|Clinical Management of Abortion Complications: A practical Guide (WHO - OMS, 1994, 86 p.)|
|CHAPTER 6 - MANAGEMENT OF SEPSIS|
Continue monitoring the woman's vital signs, urine output, and fluids, as she could suddenly worsen and go into shock. Continue and adjust supportive treatment (oxygen, fluids, medicine) according to the above guidelines.
If oxygen was started because the woman became unstable, then continue as long as she remains unstable. If possible, continue during transfer of unstable patients. As the woman stabilizes, the oxygen can be gradually shut off. However, if she begins to worsen with the oxygen turned down or off, then turn the oxygen back on, at the initial rate of 6 to 8 litres per minute.
IV Fluids. For stable women who are receiving intravenous fluids ONLY for the purpose of giving antibiotics, use the rate and volume recommended for the antibiotics. See Chapter 7.
For initially unstable women who are receiving intravenous fluids to correct low blood volume and to give IV antibiotics, adjust the IV fluid rate once she improves and her low fluid volume has been corrected (systolic blood pressure of at least 100 mmHg, stabilizing heart rate (under 90), urine output of at least 100 ml per 4 hours). The adjusted rate is 1 litre in 6-8 hours. See Chapter 7.

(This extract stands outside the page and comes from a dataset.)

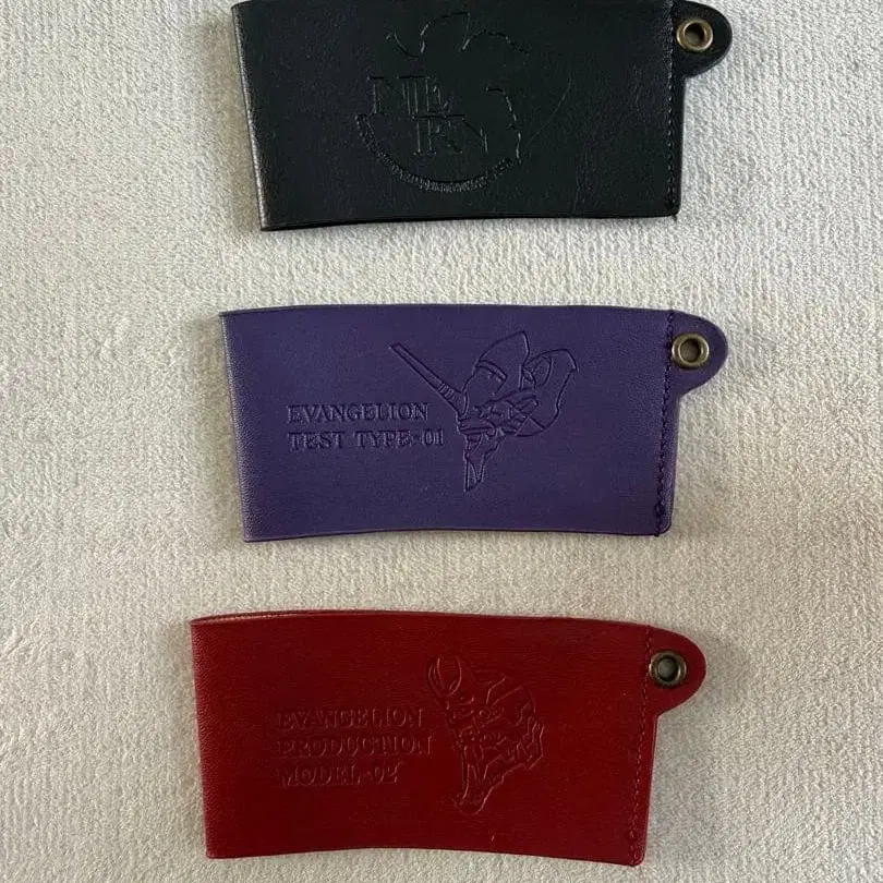 에반게리온 로고가 새겨진 가죽풍 포켓형 케이스, 블랙, 보라색, 빨간색 3가지 색상 세트.

Blood transfusion. A haemoglobin of g/100 ml or less, or a haematocrit of 15% or less is life threatening and will require blood transfusion. Follow Chapter 7 guidelines and warnings for blood transfusion. Remember to include the volume of blood given when monitoring and recording the total amount of fluids given to a patient.

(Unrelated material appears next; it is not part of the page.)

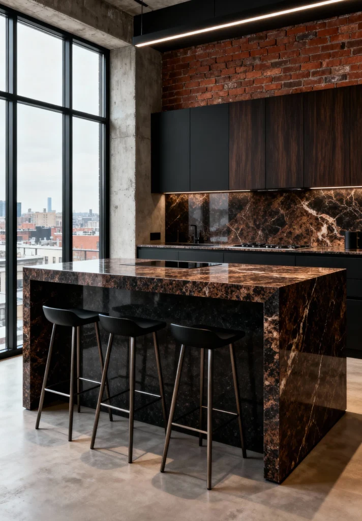 This space is pure industrial chic! The mix of materials is what makes this kitchen truly captivating: exposed brick, raw concrete, and then BAM—that incredible waterfall island in rich, veined marble. The black upper cabinets pair perfectly with the dark wood grain beneath them, grounding the whole design. Plus, that floor-to-ceiling window lets in so much light, balancing out the dark palette. It’s a fabulous example of how to make a large loft space feel warm and sophisticated.

Antibiotic therapy should already be started for ALL women at risk for septic shock. If not, start antibiotics immediately. If pain control or tetanus toxoid have NOT been given, reassess the need. Follow treatment guidelines in the medicine section above. If treatment has been started, continue according to the schedules for antibiotics and pain control in Chapter 7.